Australien Comedy tv channel for kids and teenagers

For Real! is an Australian comedy television program for children and teenagers which first screened on 10 Shake on 17 October 2020.

Taylor, Maddie, Jet, Lucas and George gather every afternoon in a ramshackle makeshift studio space to produce and record their YouTube show. They try to stay on task and get their show out before they have to be at training, do homework and combat their teen social pressures. Their greatest obstacle is their local Mayor, who creates havoc within the community and motivates the teens to get involved and stand up for what they believe.
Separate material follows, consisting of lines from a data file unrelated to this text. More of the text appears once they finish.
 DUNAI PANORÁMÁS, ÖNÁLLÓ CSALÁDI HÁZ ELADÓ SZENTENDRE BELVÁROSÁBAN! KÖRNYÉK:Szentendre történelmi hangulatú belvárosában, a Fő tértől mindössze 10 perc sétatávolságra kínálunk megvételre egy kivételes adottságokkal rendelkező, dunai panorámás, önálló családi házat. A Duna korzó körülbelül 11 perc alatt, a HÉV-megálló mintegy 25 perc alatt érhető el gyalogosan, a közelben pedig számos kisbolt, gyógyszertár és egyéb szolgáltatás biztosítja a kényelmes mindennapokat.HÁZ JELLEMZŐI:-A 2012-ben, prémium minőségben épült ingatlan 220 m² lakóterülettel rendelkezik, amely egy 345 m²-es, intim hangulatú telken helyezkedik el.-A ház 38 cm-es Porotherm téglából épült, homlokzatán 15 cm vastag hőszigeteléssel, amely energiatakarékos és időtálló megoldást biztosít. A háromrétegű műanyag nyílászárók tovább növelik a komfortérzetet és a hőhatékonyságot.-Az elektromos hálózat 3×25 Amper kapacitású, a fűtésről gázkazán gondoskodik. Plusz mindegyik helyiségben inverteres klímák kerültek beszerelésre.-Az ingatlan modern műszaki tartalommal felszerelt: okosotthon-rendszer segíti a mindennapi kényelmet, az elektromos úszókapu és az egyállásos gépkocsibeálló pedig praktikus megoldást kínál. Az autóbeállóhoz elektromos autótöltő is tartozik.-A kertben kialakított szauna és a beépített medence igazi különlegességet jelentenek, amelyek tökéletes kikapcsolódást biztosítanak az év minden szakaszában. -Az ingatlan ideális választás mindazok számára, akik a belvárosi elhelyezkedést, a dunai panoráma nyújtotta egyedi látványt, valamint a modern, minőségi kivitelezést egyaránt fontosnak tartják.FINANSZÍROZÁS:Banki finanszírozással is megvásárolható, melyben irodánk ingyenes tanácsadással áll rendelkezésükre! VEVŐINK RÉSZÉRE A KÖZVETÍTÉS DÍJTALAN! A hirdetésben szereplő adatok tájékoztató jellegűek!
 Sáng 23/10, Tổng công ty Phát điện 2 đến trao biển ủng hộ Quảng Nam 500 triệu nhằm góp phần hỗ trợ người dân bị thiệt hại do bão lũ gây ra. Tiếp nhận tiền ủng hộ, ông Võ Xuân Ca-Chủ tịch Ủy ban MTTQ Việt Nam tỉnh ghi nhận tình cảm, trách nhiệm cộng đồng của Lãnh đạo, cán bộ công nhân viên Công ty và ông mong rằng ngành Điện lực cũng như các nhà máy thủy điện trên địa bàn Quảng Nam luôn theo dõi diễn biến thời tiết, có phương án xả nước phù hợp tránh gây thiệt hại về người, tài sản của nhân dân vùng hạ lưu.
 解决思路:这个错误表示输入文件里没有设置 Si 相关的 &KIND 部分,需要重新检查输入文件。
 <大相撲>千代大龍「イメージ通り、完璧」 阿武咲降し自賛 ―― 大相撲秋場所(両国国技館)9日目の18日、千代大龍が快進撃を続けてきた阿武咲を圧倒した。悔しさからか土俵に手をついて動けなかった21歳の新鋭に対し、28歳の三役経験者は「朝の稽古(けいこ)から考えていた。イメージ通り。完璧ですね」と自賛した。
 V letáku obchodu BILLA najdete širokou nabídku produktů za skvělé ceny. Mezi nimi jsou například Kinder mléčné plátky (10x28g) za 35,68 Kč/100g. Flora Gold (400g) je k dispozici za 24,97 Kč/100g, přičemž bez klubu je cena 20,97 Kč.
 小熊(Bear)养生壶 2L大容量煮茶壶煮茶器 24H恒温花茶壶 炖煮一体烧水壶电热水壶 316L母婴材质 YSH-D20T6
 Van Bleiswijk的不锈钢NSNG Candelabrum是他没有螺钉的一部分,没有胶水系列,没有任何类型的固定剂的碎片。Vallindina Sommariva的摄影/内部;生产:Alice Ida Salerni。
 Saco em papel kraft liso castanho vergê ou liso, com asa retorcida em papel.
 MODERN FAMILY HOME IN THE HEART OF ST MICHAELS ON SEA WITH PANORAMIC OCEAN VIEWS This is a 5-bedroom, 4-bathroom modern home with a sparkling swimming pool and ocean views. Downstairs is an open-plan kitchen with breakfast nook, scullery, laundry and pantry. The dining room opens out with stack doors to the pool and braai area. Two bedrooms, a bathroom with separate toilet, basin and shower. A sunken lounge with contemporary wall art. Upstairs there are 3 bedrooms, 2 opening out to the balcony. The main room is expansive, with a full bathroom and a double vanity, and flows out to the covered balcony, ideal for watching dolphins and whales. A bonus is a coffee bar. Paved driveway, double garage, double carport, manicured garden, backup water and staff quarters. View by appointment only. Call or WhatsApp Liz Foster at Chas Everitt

The group becomes community activists as a result of their interaction with the Mayor.

==Cast==
- Madison Russo as George
- Harrison Aston as Jet
- Hunter Stanford as Lucas
- Melody Kiptoo as Maddie
- El Smith as Taylor
- Penny Greenhalgh as Mayor Nesbitt

==Production==
The 37 part series was created by Monica O’Brien for Ambience Entertainment. It was written by Joel Slack-Smith, Penny Greenhalgh, Amy Stewart, Melissa Lee Speyer, Daniel Oates, Monica O'Brien, John Unwin, Hannah Fitzpatrick, Stephen Abbott and Warren Coleman. The series is directed by Keaton Stewart, Joel Slack–Smith and Monica O'Brien with Sue Keating as Series Producers.